--- START ---

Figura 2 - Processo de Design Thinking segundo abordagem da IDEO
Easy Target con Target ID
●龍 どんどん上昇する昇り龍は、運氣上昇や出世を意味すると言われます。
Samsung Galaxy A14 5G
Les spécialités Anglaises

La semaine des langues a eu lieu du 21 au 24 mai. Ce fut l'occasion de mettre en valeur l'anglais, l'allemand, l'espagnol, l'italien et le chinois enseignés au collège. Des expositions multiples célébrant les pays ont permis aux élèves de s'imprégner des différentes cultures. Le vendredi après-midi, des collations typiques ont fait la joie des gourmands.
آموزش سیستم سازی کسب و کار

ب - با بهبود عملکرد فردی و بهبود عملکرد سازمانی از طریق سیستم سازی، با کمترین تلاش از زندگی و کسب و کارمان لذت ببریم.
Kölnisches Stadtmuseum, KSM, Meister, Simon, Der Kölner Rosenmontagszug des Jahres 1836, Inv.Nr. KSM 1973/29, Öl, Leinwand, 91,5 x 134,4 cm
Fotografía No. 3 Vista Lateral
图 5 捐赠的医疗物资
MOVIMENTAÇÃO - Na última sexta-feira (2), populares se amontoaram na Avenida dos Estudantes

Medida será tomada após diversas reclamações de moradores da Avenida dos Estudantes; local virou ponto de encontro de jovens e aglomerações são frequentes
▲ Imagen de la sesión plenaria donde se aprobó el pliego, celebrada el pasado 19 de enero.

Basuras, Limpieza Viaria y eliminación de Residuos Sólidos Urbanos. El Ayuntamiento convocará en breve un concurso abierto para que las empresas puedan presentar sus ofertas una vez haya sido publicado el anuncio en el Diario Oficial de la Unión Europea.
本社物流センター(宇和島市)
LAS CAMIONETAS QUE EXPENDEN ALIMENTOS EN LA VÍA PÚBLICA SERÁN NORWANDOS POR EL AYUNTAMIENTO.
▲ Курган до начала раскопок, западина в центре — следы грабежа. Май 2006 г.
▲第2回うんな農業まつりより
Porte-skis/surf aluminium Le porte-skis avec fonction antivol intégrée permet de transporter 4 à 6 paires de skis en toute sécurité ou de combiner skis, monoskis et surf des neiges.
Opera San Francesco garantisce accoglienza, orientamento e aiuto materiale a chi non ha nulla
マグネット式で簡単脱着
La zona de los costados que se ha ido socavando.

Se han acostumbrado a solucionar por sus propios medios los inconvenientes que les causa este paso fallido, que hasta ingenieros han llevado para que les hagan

--- END ---

_WHAT TO PRODUCE_
Reproduce the entries exactly, starting at their first line and stopping after the line with "Les spécialités Anglaises".

_RESULT FOR THIS TASK_
Figura 2 - Processo de Design Thinking segundo abordagem da IDEO
Easy Target con Target ID
●龍 どんどん上昇する昇り龍は、運氣上昇や出世を意味すると言われます。
Samsung Galaxy A14 5G
Les spécialités Anglaises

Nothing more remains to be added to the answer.